The proof in the record shows that Miss Sarah Crawford, the sister and sister-in-law of appellants, resides on their property, and that the roaming of the cattle on the road amounts to an obstruction of the road as to her. While prior to Initiated Measure No. 1 of 1950 (the so-called Stock Law) this argument might not have been tenable, it appears that the people of this state, by prohibiting the roaming of cattle on the public roads, have recognized cattle to be, if not an obstruction to the use of the roads, at least a nuisance. As far as an individual’s use of a private road is concerned, the roaming of cows on the road to his home is certainly as obnoxious and obstructive as their roaming on a public road would be.

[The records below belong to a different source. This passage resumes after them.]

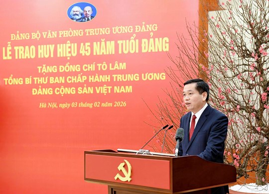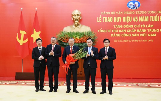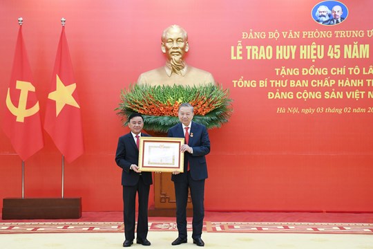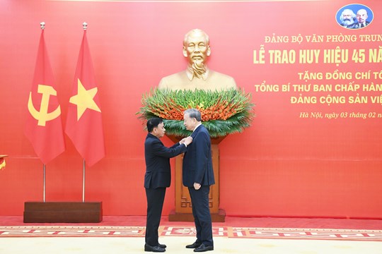 (Mặt trận) - Sáng nay, 3/2, trong không khí phấn khởi kỷ niệm 96 năm thành lập Đảng Cộng sản Việt Nam quang vinh và chào mừng Đại hội XIV của Đảng thành công rực rỡ, Đảng bộ Văn phòng Trung ương Đảng đã tổ chức Lễ trao Huy hiệu 45 năm tuổi Đảng tặng Tổng Bí thư Tô Lâm.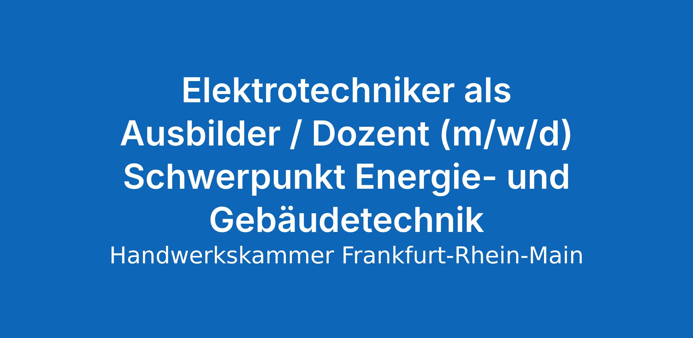 Elektrotechniker als Ausbilder / Dozent (m/w/d) Schwerpunkt Energie- und Gebäudetechnik
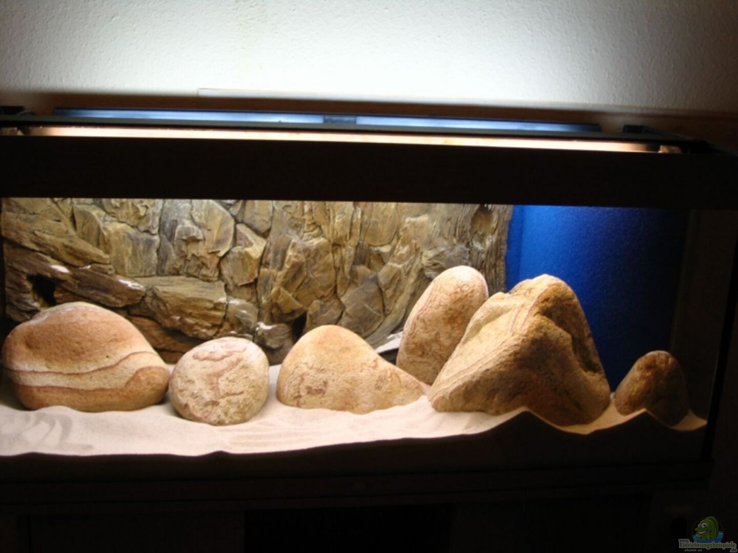 Die Steine liegen auf 2 cm festem Styropurplatten. Und sie wurden untereinander mit Aquariumsilikon verklebt (Ist zwar sicher, aber Fische fangen wird dadurch zur reinen Nervenprobe).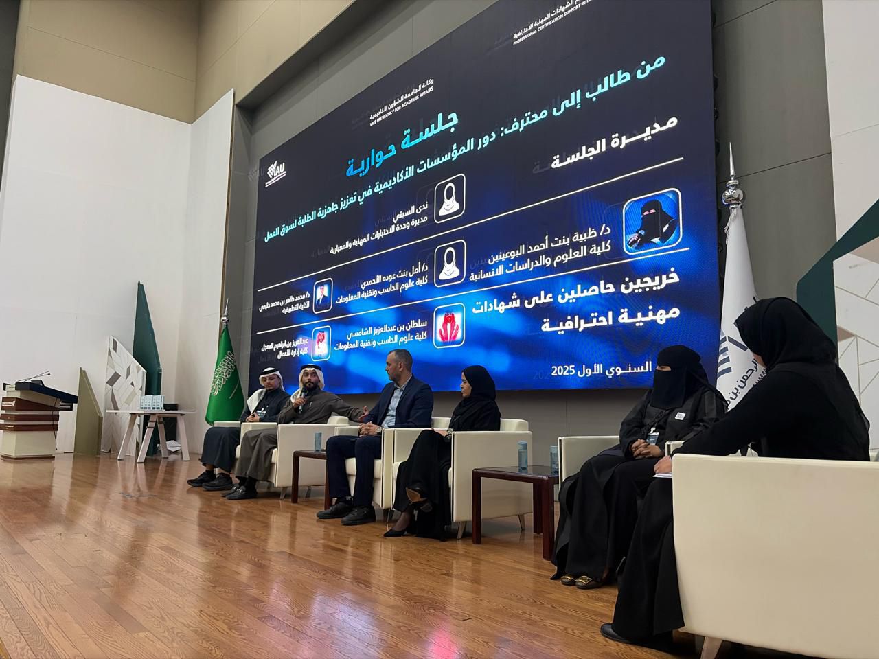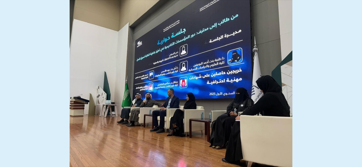 وتضمّن اللقاء جلسة حوارية بعنوان «من طالب إلى محترف: دور المؤسسات الأكاديمية في تعزيز جاهزية الطلبة لسوق العمل»، شارك فيها عدد من أعضاء هيئة التدريس وخريجين حاصلين على شهادات مهنية احترافية، استعرضوا خلالها تجاربهم المهنية وأثر الشهادات الاحترافية في تعزيز فرص التوظيف والتطور المهني.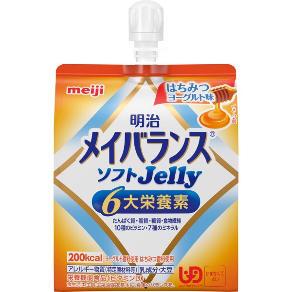 少量高エネルギー/ユニバーサルデザインフード/栄養素/おいしい/選べるおいしさ少量高エネルギー設計(200Kcal/125ml)、1個当たりたんぱく質7.5g、食物繊維2.5g/ユニバーサルデザインフード(UDF)区分の「かまなくてよい」食品形状/体に必要な6大栄養素(たんぱく質、脂質、糖質、食物繊維、10種のビタミン、7種のミネラル)を配合/まろやかでコクがあり、ほどよい甘さ/選べる8種類の味でおいしく栄養補給●食事が十分に摂れない時や、食事のバランスが崩れた時に、食事の代わり、または食事にプラスして飲むことで必要な栄養が補給できる、ゼリータイプの栄養食品。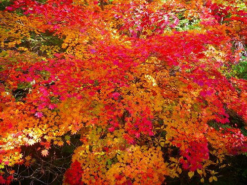 この樹も緑~黄緑~黄色~オレンジ~ピンク~赤と無限の色合いを魅せてくれて、またオオカエデとは違いますが、とても綺麗です。

Finally, even if I should accept the majority theory that the trial court has some discretion in permitting the use of cattle guards on a private way, I think the trial court abused its discretion in this instance. The record conclusively shows that the road in issue, 20 feet wide, extends along appellees’ southern boundary for a distance of only 498 feet. This total area amounts to less than one-fourth of an acre, and when the roadway, which appellants have been granted the right to grade and maintain, is taken out of the area involved, little or no practical benefit from the use of the area as a pasture will result to appellees except as it may add fuel to the feud that has been existing between these parties.
Therefore, I would reverse and remand the ease with directions to appellees to take the road out of their pasture.
Harris, C. J., and Fogleman, J., join in dissent.Reported as Massee v. Schiller, 237 Ark. 809, 376 S. W. 2d 558.